American editor and translator (1852–1935)

Nathan Haskell Dole (August 31, 1852 – May 9, 1935) was an American editor, translator, and author. A writer and journalist in Philadelphia, New York, and Boston, he translated many of the works of Leo Tolstoy and books of other Russians; novels of the Spaniard Armando Palacio Valdés (1886–90); a variety of works from the French and Italian.

==Biography==
Nathan Haskell Dole was born August 31, 1852, in Chelsea, Massachusetts. He was the second son of the Reverend Nathan Dole (1811–1855) and mother Caroline (Fletcher) Dole, his older brother being Charles Fletcher Dole (1845–1927). After their father died of tuberculosis, their mother moved with the two boys to live with their grandmother in the Fletcher homestead, a strict Puritan home, in Norridgewock, Maine, where Dole grew up.

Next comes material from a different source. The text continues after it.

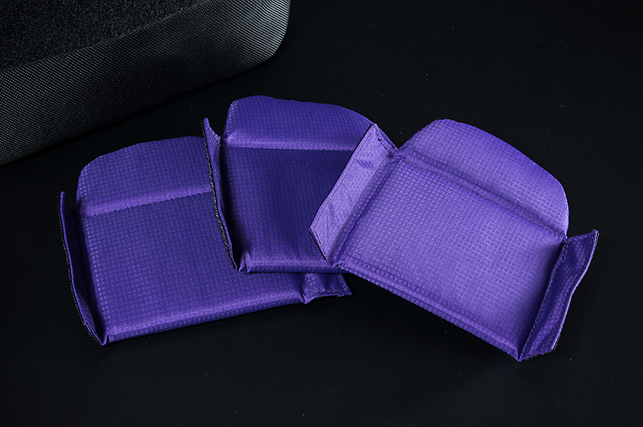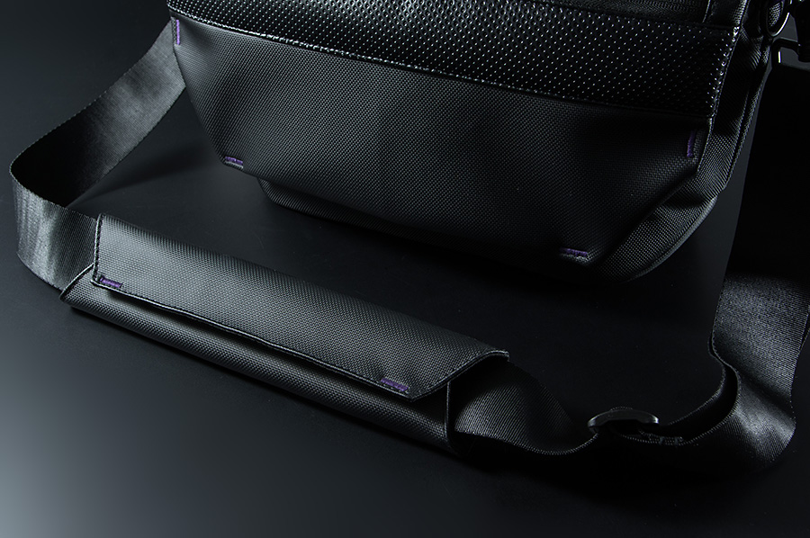 重いカメラを持っても肩があまり痛くならないように厚手のショルダーパッドを付けています。また、ショルダーベルトは車のシートベルトに使われている材質を使っていますのでなめらかで丈夫なものとなっています。

Sophie May wrote her Prudy Books in Norridgewock, and they may be an indication of the sort of life Nathan Dole and his brother lived there. A newspaper article about Nathan in the Boston Evening Transcript, February 8, 1929, suggested that Nathan, lively from the start, may have offered good material for the mischievous boys who acted as foil for the goody-good ones in the Prudy Books. The same Boston Evening Transcript article said that Nathan was an omnivorous reader, who soon taught himself to read in French, German, Greek and Latin. He studied at the Eaton School in Norridgewock, and then under private tutors. Later he went to the Phillips Exeter Academy and Phillips Andover Academy, graduating in 1870, and then to Harvard, from which he graduated in 1874. Years later he received an L.H. Doctorate and from Oglethorp University in Atlanta, Georgia, which made him an Honorary Alumnus.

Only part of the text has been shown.